I know...you are so right. I just didn't want to end up with them all dried out. I unplugged my clock on the back porch and pit my watch away....:-)

I foiled em and I'll deal with what happens. Thanks for the reply!


----------



## slidedude (Jul 13, 2014)

mikeworthington said:


> It's probably too late to help you with this cook now but if it happens again, IF you have the color you want, go ahead and foil, jack the pit up to 275-300 and keep a close eye on them. Once it breaks through the stall, it won't take long to hit 195-200.
> 
> Michael



Thanks Michael - I did have the color I wanted, so I foiled them and put them in a 250 degree oven in the house...they came out a wee bit tough, but the meat pulled right off the bone easily and they were pretty darn tasty. I just didn't have a stall the first  time I did these, so I was surprised it was happening. Thanks for your reply!


----------



## mikeworthington (Jul 14, 2014)

According to folks who have spent a lot more time than I have studying the science of BBQ, the stall happens when your meat is losing moisture and therefore cooling at a rate equal to or faster than the pit can heat it up. That's a simplified explanation but it's essentially what's happening...just like when you boil water on the stove. The water evaporating takes the heat away from the pan and keeps it from burning up. Sooo, the options are wait it out, jack up the pit temperature, or foil. I choose to foil myself.

When I foil, I always put something in there with them to add moisture while they finish. I do this on all my pork...whether it's butts, ribs, whatever but that's just me because I cook hotter than most people do.

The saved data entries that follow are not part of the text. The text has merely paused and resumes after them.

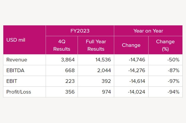 Network Express (ONE) released the Financial Result for FY2023 (from Apr 2023 to Mar 2024). The revenue for FY2023 was US$14.5 billion, down 50% from the last year, with net profit of US$974 million (YoY -US$14.02 billion).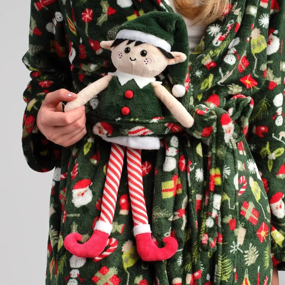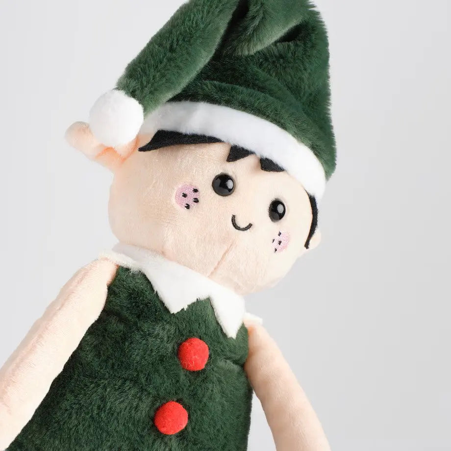 Elfovia sú roztomilá postavička v klasických vianočných farbách. Červená, zelená a biela vytvárajú krásnu kompozíciu, ktorá dokonale zapadá do vianočnej atmosféry. Oblečená v zelenej bunde a s červenými pruhovanými nohami vyzerá Elfi mimoriadne očarujúco. Táto plyšová hračka bude skvelou dekoráciou detskej izby, ako aj dokonalým nápadom na vianočný darček.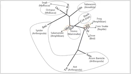 GPATCH2L evolves more slowly compared to Fibrinogen Alpha Chain but faster than Cytochrome C.[19] In the unrooted tree of GPATCH2L protein, only one mammal (human) is included since every species in mammals is very closely related to each other, showing various short lines. Arthropoda in invertebrates shows the longest line, meaning that they have diverged the longest.
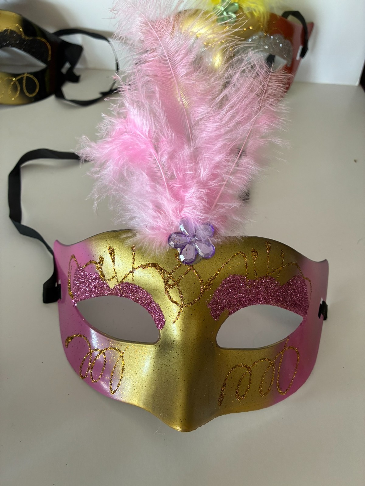 как выглядит Lot of 7 Mardi Gras masks glitter feathers bag of beads costume фото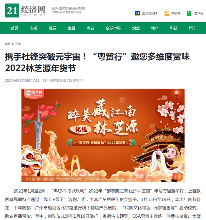 1月16日,“粵貿(mào)行·多城聯(lián)動(dòng)”2022年“醉美藏江南 · 優(yōu)選林芝源”年貨節(jié)在廣州北京路舉行線(xiàn)下啟動(dòng)儀式。寶鷹太平洋文旅科技AR技術(shù)、數(shù)字虛擬人物和設(shè)備亮相啟動(dòng)現(xiàn)場(chǎng),助力消費(fèi)援藏。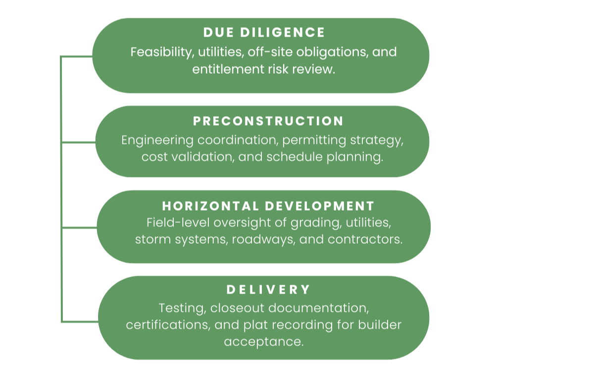 We serve as the owner’s representative throughout planning, construction, and delivery. This allows our clients to scale land positions without expanding internal development staff.
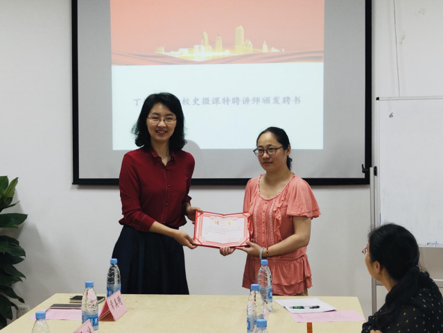 沈洁向学生代表颁发项目“突出贡献奖”“优秀成员奖”,丁怡代表学院向“校史微课”特聘讲师颁发聘书。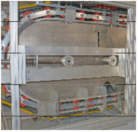 采用彈簧式張緊裝置,使梯級鏈條始終保持張緊狀態(tài),及時抵消在可控范圍內(nèi)因梯級伸長而造成梯級(踏板)等相關(guān)部件的偏離、晃蕩、沖撞與噪聲。本裝置全部采用鋁合金板材制作。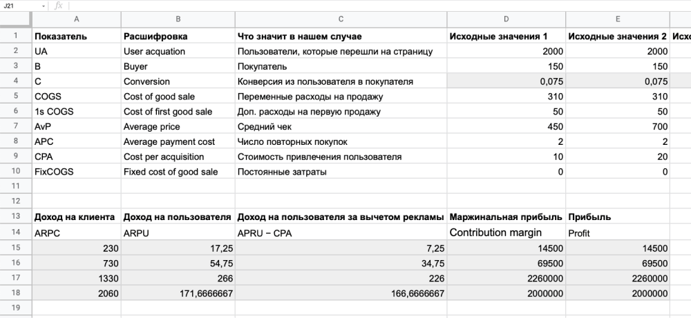 Доход на одного пользователя. В таблицу внесены готовые формулы для расчета показателей ARPU, ARPС и ARPU − CPA. Изменяйте исходные значения и смотрите, как меняется прибыль компании.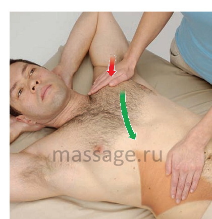 1. Встаньте сбоку от клиента к абдоминальной области и определите месторасположение последнего ребра ладонью.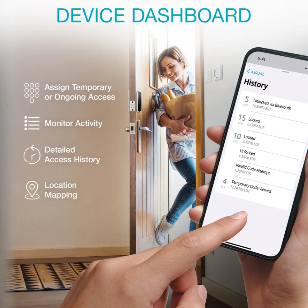 - Mobile Alerts and Notifications – Receive notifications when individuals unlock, lock and open the deadbolt. Low battery notification appears on the deadbolt as well as within the app.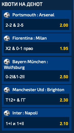 Премиерлигашкиот лидер, Арсенал, гостува кај второлигашот Портсмут, а квотата од 2.00 ќе биде добитна само ако „топчиите“ имаат водство на полувремето и на крајот победат, но и ако на мечот бидат постигнати помеѓу два и пет гола.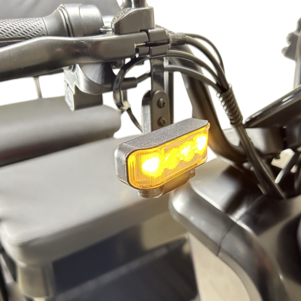 В стандартной комплектации есть зеркала, корзина, фара, стоп-сигналы и поворотники. LCD-дисплей показывает заряд, пробег и скорость, что делает поездки удобнее.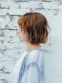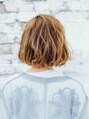 ボブスタイルの表面にうねりを付けて軽い印象に!カラーリングも透け感があるベージュブラウンにして全体的に柔らかい印象に!前髪はシースルーで抜け感を出しました。スタイリングはシアバターを軽く揉みこみ束感をつくりました。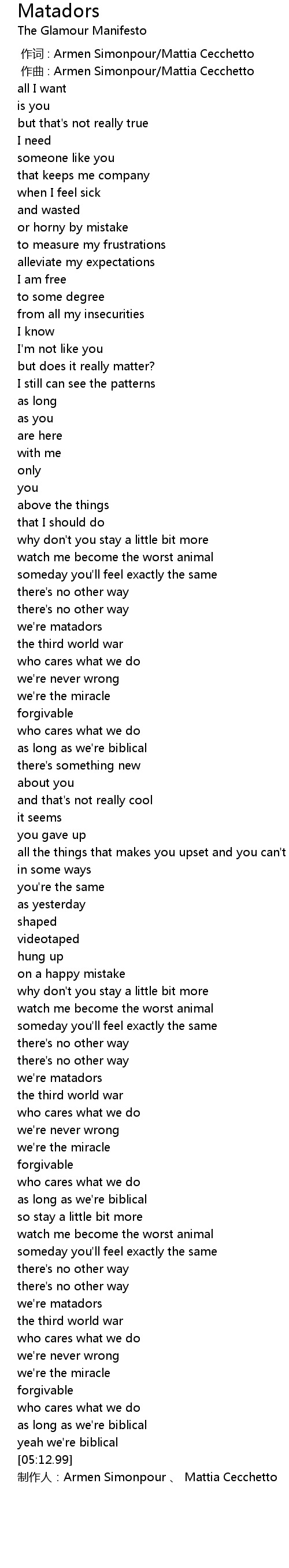 | [05:13.99] | 制作人:Armen Simonpour 、 Mattia Cecchetto |
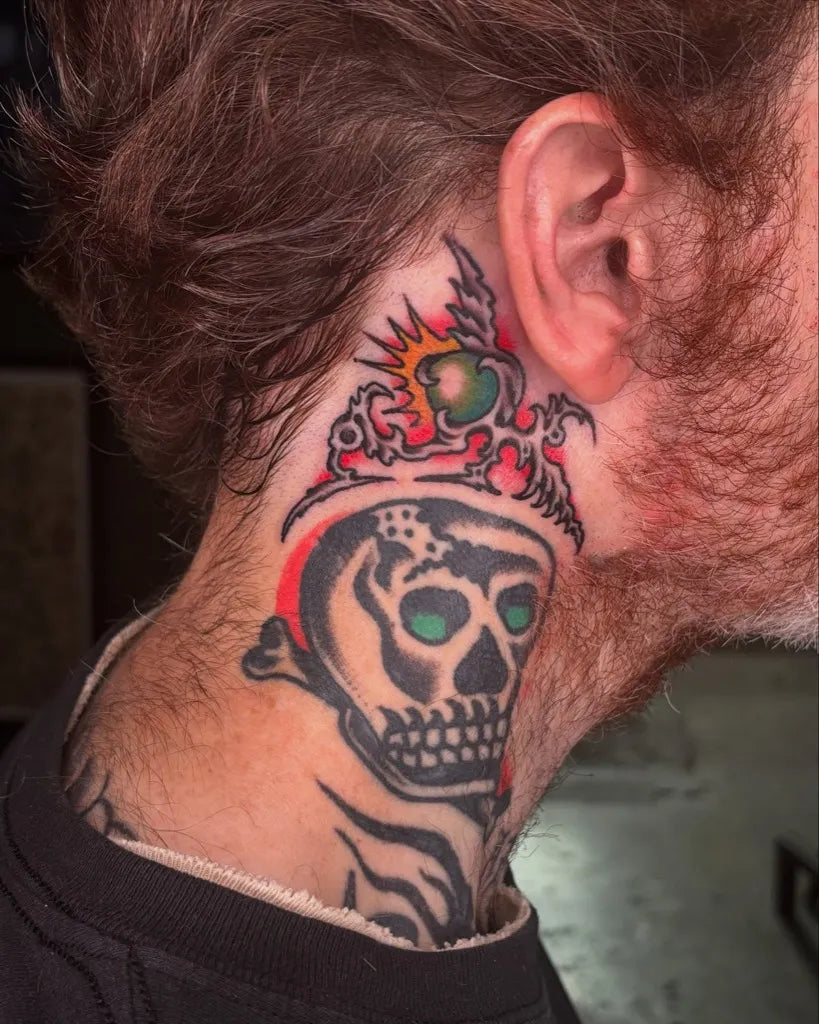 Medium American Traditional Skull with Crown Tattoo on Men Behind the Ear by @lancedennistattoos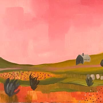 Quilted landscape is an 8x10in Art Print of and original hand painted illustration printed on cardstock. Details • Dimensions: 8 x10 inches • Handmade • Packaged with cardboard backing to keep from bending and protective sleeve Due to monitor differences, actual colors may vary slightly from what appears online.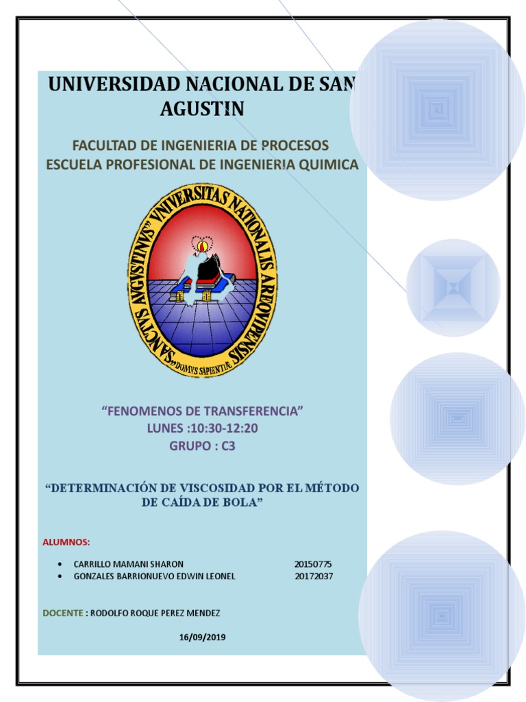 DETERMINACIÓN DE VISCOSIDAD POR EL MÉTODO DE CAÍDA DE BOLA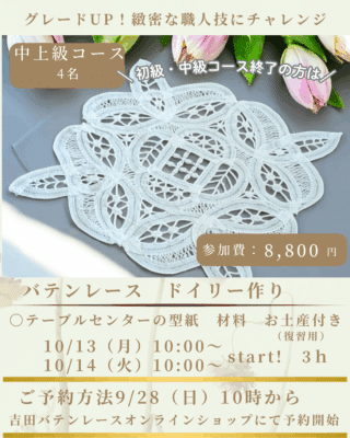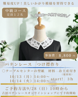 ・ワークショップは事前予約制 吉田バテンレース オンラインショップにて予約開始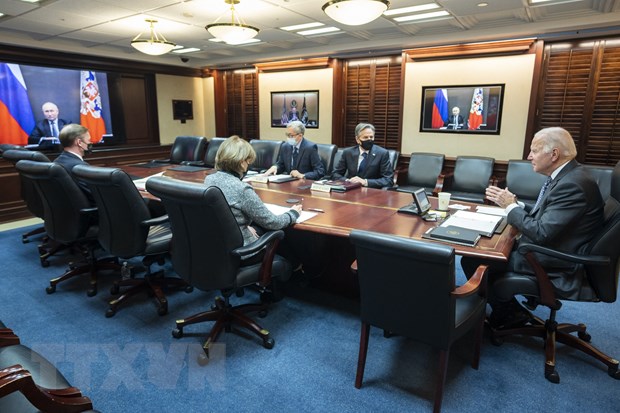 US President Joe Biden and Russian President Vladimir Putin during an online conversation on December 7, 2021. Photo: AFP/VNA |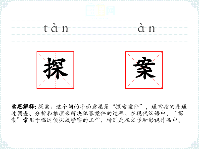 探案:这个词的字面意思是“探索案件”,通常指的是通过调查、分析和推理来解决犯罪案件的过程。在现代汉语中,“探案”常用于描述侦探或警察的工作,特别是在文学和影视作品中。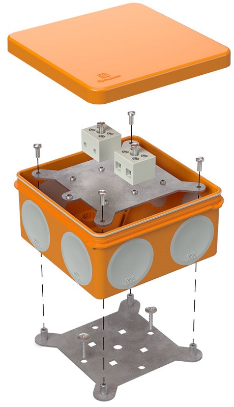 ЭМК двухкомпонентные огнестойкие сочетают в себе надежность и высокую скорость монтажа. Они применяются при прокладке систем противопожарной безопасности по различным поверхностям зданий и сооружений, необходимы для механической защиты мест соединения проводов и кабелей, а так же для защиты от проникновения пыли, влаги и посторонних предметов. Лаконичный дизайн способствует эстетичному монтажу проводки, а мембраны позволяют увеличить скорость монтажа (по сравнению со скоростью при использовании ЭМК с гермовводами). Материал изготовления коробок является безгалогенным, что позволяет использовать изделие в общественных местах с высоким скоплением людей. Коробка имеет монолитное исполнение с уплотнителем и мембранами за счёт чего достигается высокая степень защиты IP66.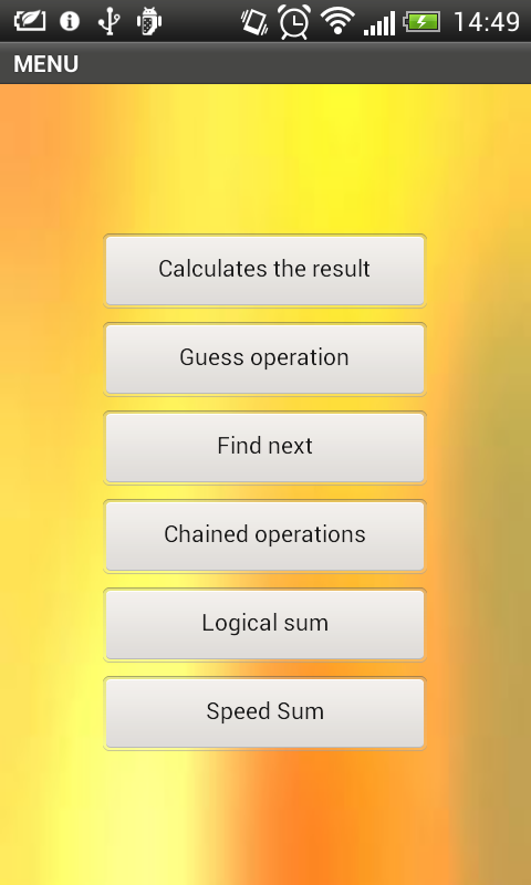 - Speed sum. Some numbers will appear for a few seconds. You have to add each and put the result of the sum when they disappear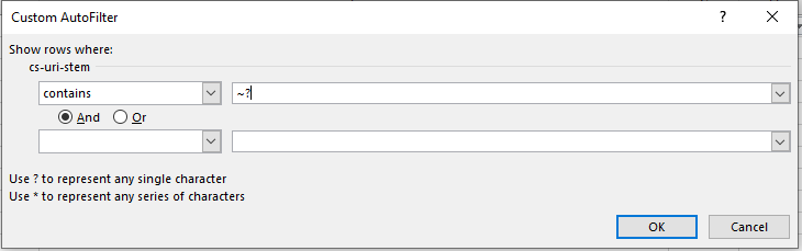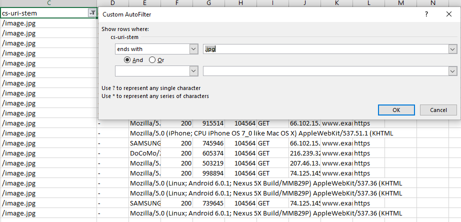 To do this, go back to your log file, and filter by URLs that contain a “?” or question mark symbols from the URL column (containing the URL stem). To do this in Excel, remember to use “~?” or tilde question mark, as shown below:

Now, I put down a bed of brown sugar and a generous ribbon of squeeze margarine but you can use apple juice, Coke, 7UP, Sprite, pineapple juice - or plain old water. You can use just about anything but it should be something that goes well with pork. Trapping the steam will help you get past a stall and speed up the cooking process. It'll help tenderize the meat and soften up rock hard bark that got a little too dried out.

Keep on smoking. In my opinion, there's no substitute for knowing your smoker to turn out great meat.

Michael


----------